Food and drinkDessert

Blue cheese. Name and taste characteristics

What is a cheese with mold? The name of this type of product speaks for itself. This is a special kind of cheese, into which bacteria that are safe for the human body are added. From them also there is a mold. Basically it is bacteria of the form Penicillium. They have a characteristic specific taste and smell. Basically, French cheeses are made with the use of this bacterium. For example, camembert or brie. The color of mold can be white, blue, blue, green and so on. It may lightly cover the top of the cheese head slightly or be inside in the form of peculiar veins. Soft cheese with mold is made from cow's milk. Depending on the region and pasture depends the taste of milk and, consequently, the finished product. The exception is the cheese with mold, whose name is Roquefort. Sheep milk is used for its production .

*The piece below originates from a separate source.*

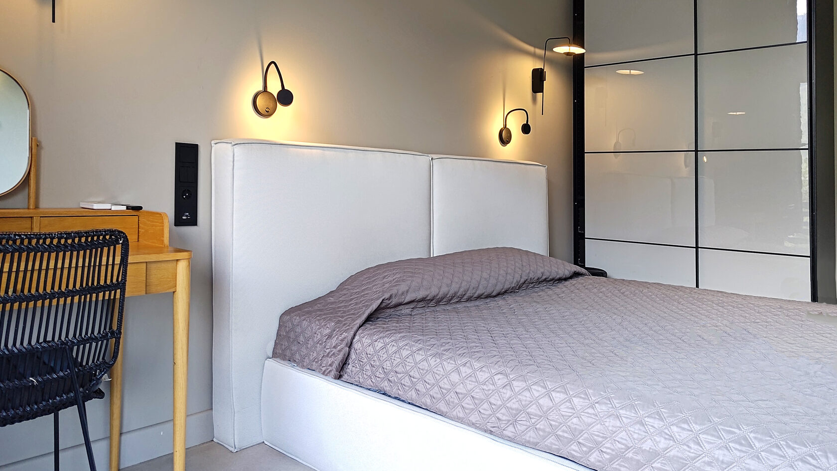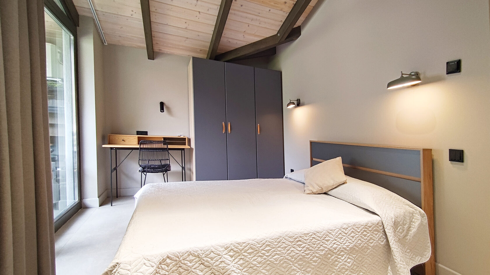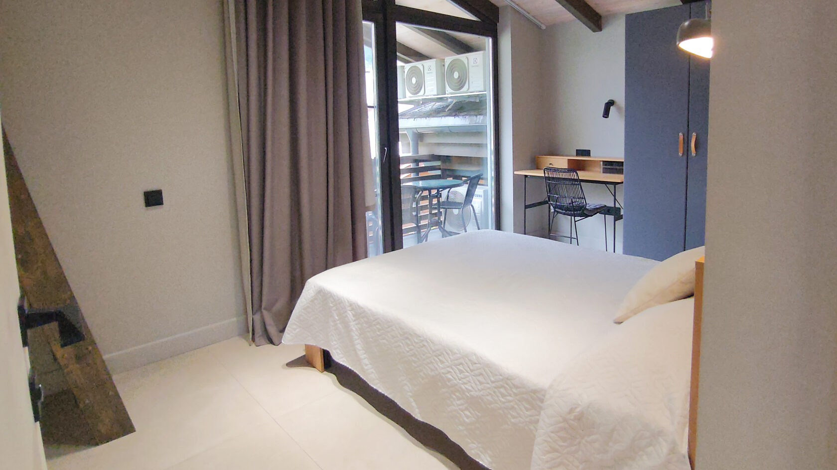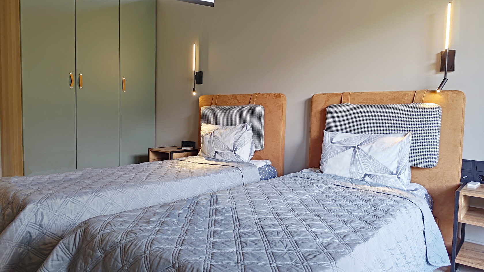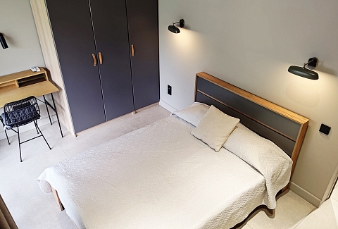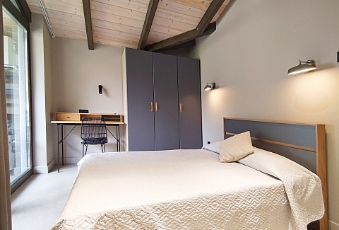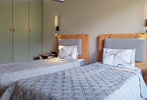 В номере: диван раскладной, кровати односпальные, кровать двуспальная, прикроватные тумбочки, пуфик, стол, столик журнальный, стол обеденный, стулья, шкаф, гладильная доска, духовой шкаф, камин, кондиционер, кофемашина, микроволновая печь, набор посуды, плита индукционная, посудомоечная машина, пылесос, сейф, стиральная машина, телевизор ЖК, утюг, холодильник, электрочайник

Conditionally, you can divide the cheese into soft and blue. In most of them are elite varieties. On average, the maturation period is from two to six weeks. Flavor tints and aroma can be very diverse. It all depends on the method of preparation. From the point of view of production technology, soft cheeses are divided into several types. Some are ready for use immediately after production is completed, and others require a short exposure. Therefore, cheese with mold, whose subgroup name corresponds to the description of appearance, can be divided into:

1. White cheeses. On their surface a thin white crust with a slight mold coating is formed. Its cultivation is carried out by spraying penicillin bacteria. As a result, the cheese is obtained with a peculiar piquant taste and smell: a little ammonia, acutely peppery or mushroom. The most popular cheese with mold, whose name is Camembert, has a characteristic smell of raw soil, mushrooms and moss.

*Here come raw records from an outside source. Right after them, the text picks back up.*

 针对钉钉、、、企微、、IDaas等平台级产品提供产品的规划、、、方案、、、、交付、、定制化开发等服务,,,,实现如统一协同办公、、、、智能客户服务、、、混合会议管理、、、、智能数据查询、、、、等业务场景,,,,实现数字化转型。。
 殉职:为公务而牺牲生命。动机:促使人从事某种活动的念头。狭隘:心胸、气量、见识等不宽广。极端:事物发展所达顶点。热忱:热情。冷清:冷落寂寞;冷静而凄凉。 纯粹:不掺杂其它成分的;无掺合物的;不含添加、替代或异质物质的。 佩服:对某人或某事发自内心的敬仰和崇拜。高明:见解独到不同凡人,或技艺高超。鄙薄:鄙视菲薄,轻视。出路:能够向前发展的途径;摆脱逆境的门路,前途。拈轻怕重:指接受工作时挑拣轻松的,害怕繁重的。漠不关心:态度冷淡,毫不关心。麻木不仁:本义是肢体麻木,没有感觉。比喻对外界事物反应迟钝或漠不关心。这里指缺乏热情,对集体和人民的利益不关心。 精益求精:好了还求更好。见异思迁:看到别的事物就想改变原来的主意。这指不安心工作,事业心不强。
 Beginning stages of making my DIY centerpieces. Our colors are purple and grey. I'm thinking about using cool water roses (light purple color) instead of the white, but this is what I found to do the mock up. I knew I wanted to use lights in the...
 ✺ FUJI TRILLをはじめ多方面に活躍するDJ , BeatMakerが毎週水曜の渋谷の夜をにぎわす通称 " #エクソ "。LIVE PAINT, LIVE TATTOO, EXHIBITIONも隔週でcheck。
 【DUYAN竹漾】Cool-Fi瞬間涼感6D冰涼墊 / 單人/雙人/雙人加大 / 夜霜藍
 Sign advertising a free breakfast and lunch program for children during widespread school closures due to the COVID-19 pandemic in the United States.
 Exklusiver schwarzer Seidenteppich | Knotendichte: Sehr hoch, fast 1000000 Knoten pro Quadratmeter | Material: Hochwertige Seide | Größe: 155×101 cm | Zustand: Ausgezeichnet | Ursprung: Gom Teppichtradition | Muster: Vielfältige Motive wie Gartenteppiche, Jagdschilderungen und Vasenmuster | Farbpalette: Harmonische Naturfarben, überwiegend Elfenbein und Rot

2. Blue cheeses. Maturation occurs from the inside. Therefore, on the surface of the cheese ball , a deposit of blue mold is formed. Cheese with mold (the name of the most common species - Roquefort) is kept in a deep cellar. Satiety of taste depends on the maturity period. White or pale yellow mass, permeated with veins of green-blue mold, reminiscent of marble, has a sharp spicy taste and mushroom flavor. Manufacturing technology is quite simple, but very laborious. Folding the milk occurs at a temperature of 30 degrees, the cheese mass is suspended in a gauze pouch so that the whey drains naturally. After two weeks, the cheese is pierced with needles with mold fungi and salt. It turns out that veins are distributed evenly throughout the mass.

In addition, the cheeses are divided into two subgroups: with natural and washed edges. In the latter the mold goes along the edge and it develops from red bacteria. The crust of the cheeses of this species has a brownish or light orange color. Most of these cheeses are produced in Burgundy. The raw material for varieties with natural edges is goat or sheep's milk. This is a very high-calorie cheeses, so use in your diet should be limited to 50 grams per day.